Here is a file I want to be processed well (of course it is UTF-8).

\documentclass[12pt]{book}
\usepackage{polyglossia}
\setdefaultlanguage[spelling=modern]{russian}
\setotherlanguage{english}
\defaultfontfeatures{Ligatures={TeX}}
\setmainfont{CMU Serif}
\setsansfont{CMU Sans Serif}
\setmonofont{CMU Typewriter Text}  

\usepackage{amsmath, amssymb}
\usepackage[russian]{hyperref}

\usepackage{unicode-math}
\setmathfont{Latin Modern Math}

\frenchspacing

\begin{document}
Просто буквы % Plain letters
$$Память: M_{доп}(n) = \Theta(N)$$ % Memory: M_add(n) = \Theta(n)
\end{document}

Looking for your help.

Best Answer

This is not a problem of cyrillic math characters; if the text were English, the correct input would be

Letters only
\[
\text{Memory: } M_{\textup{add}}(n) = \Theta(N)
\]

because Память and доп are not math. The difference becomes clear when comparing this with the output of

\[
Memory: M_{add}(n) = \Theta(N)
\]

enter image description here

The bottom formula is clearly wrong. Textual subscripts are not math variables, so they should be typeset in the normal text font (upright), thus either \textnormal or \textup (the latter is shorter). Of course, you can define your own command for them.
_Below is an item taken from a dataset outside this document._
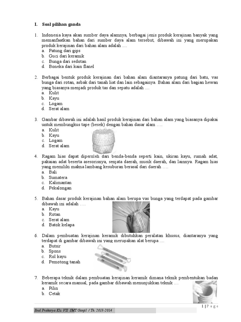 Semoga masih tetap dilimpahkan kesehatan yaa. Wahyu naik mobil yang sedang bergerak lurus. Tidak pernah dijatuhi pidana karena melakukan tindak. Contoh soal pilihan ganda bahasa indonesia kelas 7 kurikulum 2013 semester 2 beserta jawabannya. Maka dengan itu kakak memilih judul soal pilihan ganda bahasa. Ulangan tengah semester atau penilaian tengah semester dua (2/ii) bagi para peserta didik merupakan salah satu hal langsung saja kita menuju soal uts/pts pkn semester 2 kelas 7 smp itu sendiri, dan tentunya saya juga soal yang akan saya sajikan kali ini berupa 40 pilihan ganda. Soal prakarya teknologi konstruksi miniatur rumah. Agar produk yang dihasilkan dapat berfungsi dengan baik dan bermanfaat bagi penggunanya, produk limbah ini haruslah memperhatikan, yaitu. Semoga soal ini bisa bermanfaat untuk semua siswa dan pendidikan yang ada di indonesia. Hampir semua kegiatan dalam hidup manusia memiliki hubungan erat dengan kehidupan manusia lain, karena itulah manusia disebut… sekianlah pembahasan dari contoh soal ips kelas 7 semester 2 kurikulum 2013 beserta dengan jawabannya. Deretan kata yang berhubungan dengan ekonomi adalah. Kalian boleh request soal tentang prakarya. Soal prakarya kelas 7 semester 2 pilihan ganda beserta jawabannya.

Here's the complete example:

\documentclass[12pt]{book}

\usepackage{amsmath,amssymb}
\usepackage{unicode-math}
\usepackage{polyglossia}
\setdefaultlanguage[spelling=modern]{russian}
\setotherlanguage{english}

\setmainfont{CMU Serif}
\setsansfont{CMU Sans Serif}
\setmonofont{CMU Typewriter Text}  

\usepackage{color}
\usepackage{minted}
\usepackage[russian]{hyperref}

\setmathfont{Latin Modern Math}

\frenchspacing

\begin{document}

Просто буквы % Plain letters
\[
\text{Память: } M_{\textnormal{доп}}(n) = \Theta(N)
\]
\end{document}

enter image description here

It would be a different problem if you wanted to use a cyrillic letter as a math variable, but your case is not this one.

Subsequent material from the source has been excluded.